Role of the amino-terminal helix 1 for Zfp206SCAN and Zfp110SCAN heterodimerization and mutations based on the Zfp206SCAN-Zfp110SCAN heterodimer. (A) The intramolecular linker-mediated Zfp206-Zfp110 heterodimer elutes at the volume corresponding to the theoretical molecular weight of a monomeric fusion protein 23 KDa, which is virtually identical with the elution profile of un-connected Zfp206SCAN homodimer (21 KDa). Oppositely, the Zfp206-ZNF174 elutes at the volume corresponding to a higher molecular weight indicating the formation of an intermolecular homodimer.
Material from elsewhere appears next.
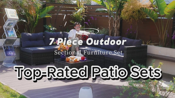 Segmart 4-Piece Rattan Wicker Sofa Set with Cushions, Glass Table & Storage Box

The profile of a molecular weight standard is overlaid as green curve. (B) 15% SDS–PAGE gel shows purified Zfp206-ZNF174 (lane 2) and Zfp206-Zfp110 (lane 4) and molecular standards (lane 1 and 3; weights in kilo Daltons). (C) Elution profile of the linker mediated intramolecular Zfp206-Zfp110 heterodimer (left) and SDS–PAGE of the eluted fractions (right). (D) Elution profile of the Zfp206-/Zfp110_H1¹⁷⁴ protein suggesting the formation of an intermolecular homodimer instead of the linker-mediated heterodimer seen in (C). Cartoon drawing of the various complexes are shown as inset of the chromatograms with the Zfp206SCAN in red, the Zfp110SCAN in blue and the ZNF174SCAN in green. The linker is illustrated with a black line and the helix1 of the ZNF174SCAN that was introduced into the Zfp110SCAN is shown as green bar. (E) Zfp206-4mut-Zfp110 intermolecular homodimer (Zfp206SCANI48AL49AR13AR31A-Zfp110SCAN) and (F) Zfp206-Zfp110-3mut intermolecular homodimer (Zfp206SCAN-Zfp110SCANC36AL40AL51A).

Figure 5.

Zfp206 interacts with Zfp110 in vivo. (A) Anti-Zfp110 antibody was used to immunoprecipitate (IP) Zfp110 and the co-IP products were analyzed by western blot (WB) with an anti-Zfp206 antibody to test whether Zfp110 interact with Zfp206. Vice versa, (B) anti-Zfp206 antibody was used to immunoprecipitate Zfp206, and co-IP products were analyzed by WB with an anti-Zfp110 antibody to check whether Zfp206 interacts with Zfp110.

Figure 6.

Structural alignment of Zfp206SCAN homodimer with ZNF174SCAN homodimer (PDB entry 1Y7Q) and MZF1SCAN homodimer (PDB entry 2FI2). The Zfp206SCAN is shown in green; the ZNF174SCAN is shown in pink and MZF1SCAN is shown in yellow.